Routine de révision quotidienne pour ancrer l’imparfait
Quinze minutes suffisent si elles sont bien structurées. Voici une répartition qui cible la mémorisation active plutôt que la relecture passive.
- Cinq premières minutes : conjuguez à voix haute trois verbes (un par groupe) à toutes les personnes. Changez de verbes chaque jour.
- Cinq minutes suivantes : prenez un court paragraphe en espagnol (article de presse, extrait de roman) et repérez chaque imparfait. Demandez-vous pourquoi l’auteur a choisi ce temps plutôt que le passé simple.
- Cinq dernières minutes : écrivez trois phrases personnelles à l’imparfait. Décrivez un souvenir d’enfance, une habitude passée ou un lieu que vous fréquentiez.
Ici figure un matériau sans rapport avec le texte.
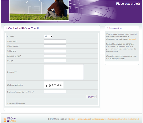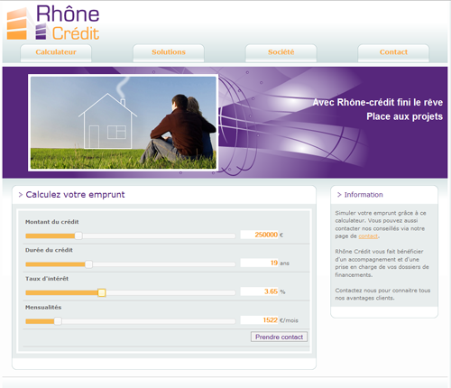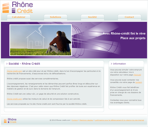 Rhône crédit, site d'experts en gestion de placements et plans de financements. Le site présente la société et toutes les solutions proposées par celle-ci. D'un graphisme accrocheur, le site est léger et adapté à Rhône Crédit. De plus un simulateur a été spécialement conçu pour le site et intégré à celui-ci. Il est ainsi à disposition des internautes, des futurs clients et des conseillers.
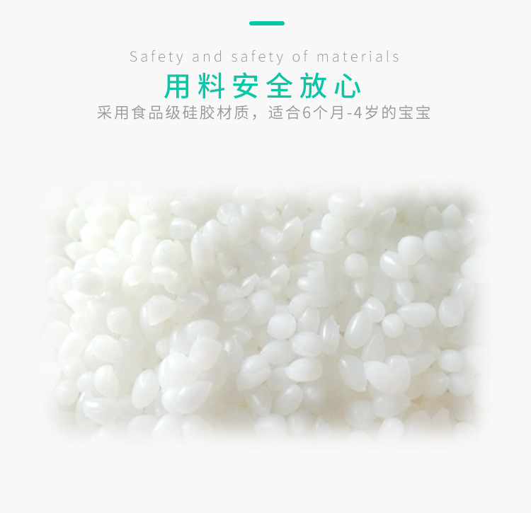 4、用料安全放心,采用食品級矽膠材質,適合6個月-4歲的寶寶
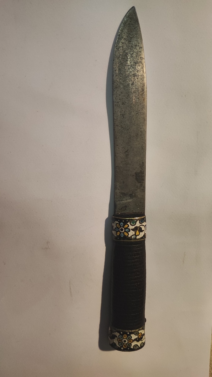 Предмет после реставрации. К обоймице и тыльнику 17-18 вв добавлен вместо сгнившего - клинок конца19 в. и свременный материал для рукоятки ( вт.ч. кожа, состаренная). Клинок примерно 3 мм, но - лопнул. :0) Старость не радость... И это не обман зрения... Она пересекает обух :0(( Клинок так крепится: его хвостовик изогнуи и выглядывает у тыльника... :0) Но сохран латунных частей с эмалью - хороший. Да? пс Дорогой... Просили 18 тр... :0( Пасхальнпя подвеска - 1900 гг
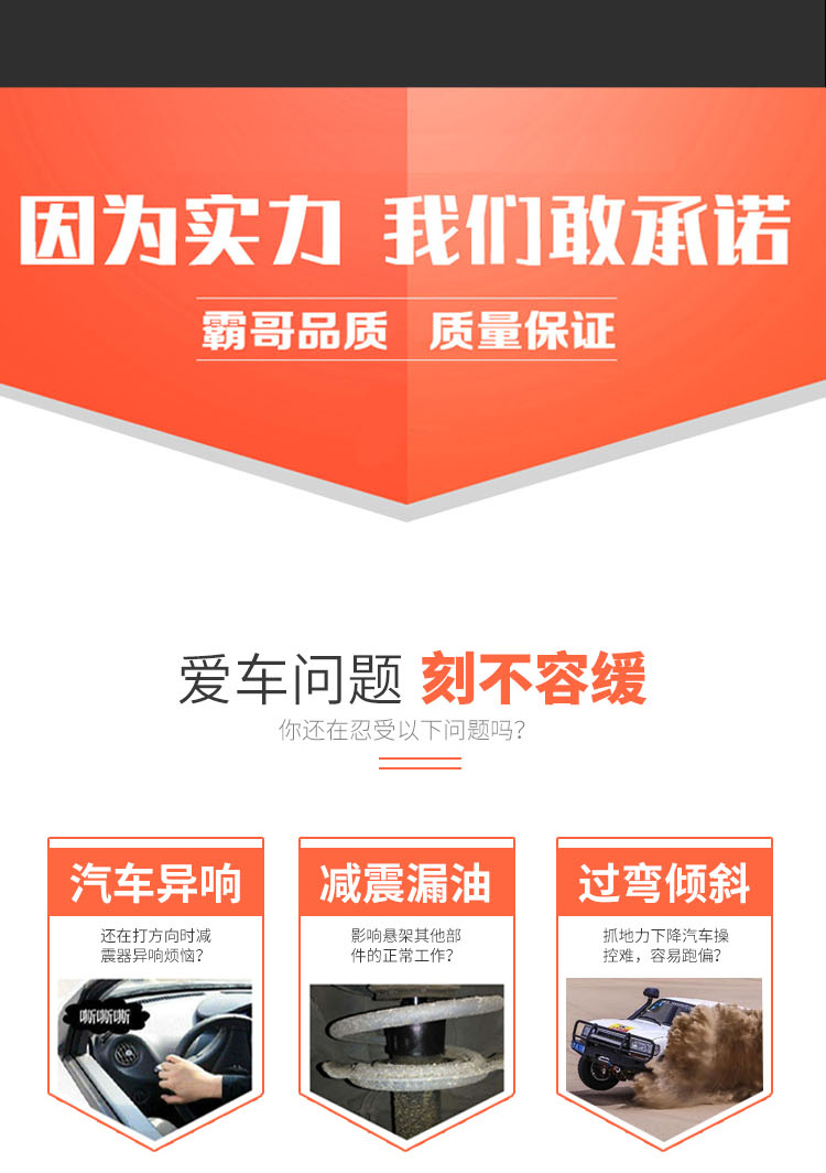 越野減震器:質(zhì)保一年!一年內(nèi)因產(chǎn)品品質(zhì)原因造成漏油,可享免費質(zhì)保服務(wù)

La lecture annotée de textes courts, où l’on identifie l’opposition entre décor (imperfecto) et événement (indefinido), fait progresser la compréhension plus vite que des exercices à trous décontextualisés. Alterner production écrite et analyse de texte consolide la conjugaison et l’emploi en parallèle.
L’imparfait espagnol reste l’un des temps les plus réguliers de la langue. Trois irréguliers, deux jeux de terminaisons, une logique d’emploi stable. En consacrant un quart d’heure par jour à la pratique active, les formes se fixent en quelques semaines, et le réflexe décor/scénario devient naturel à l’écrit comme à l’oral.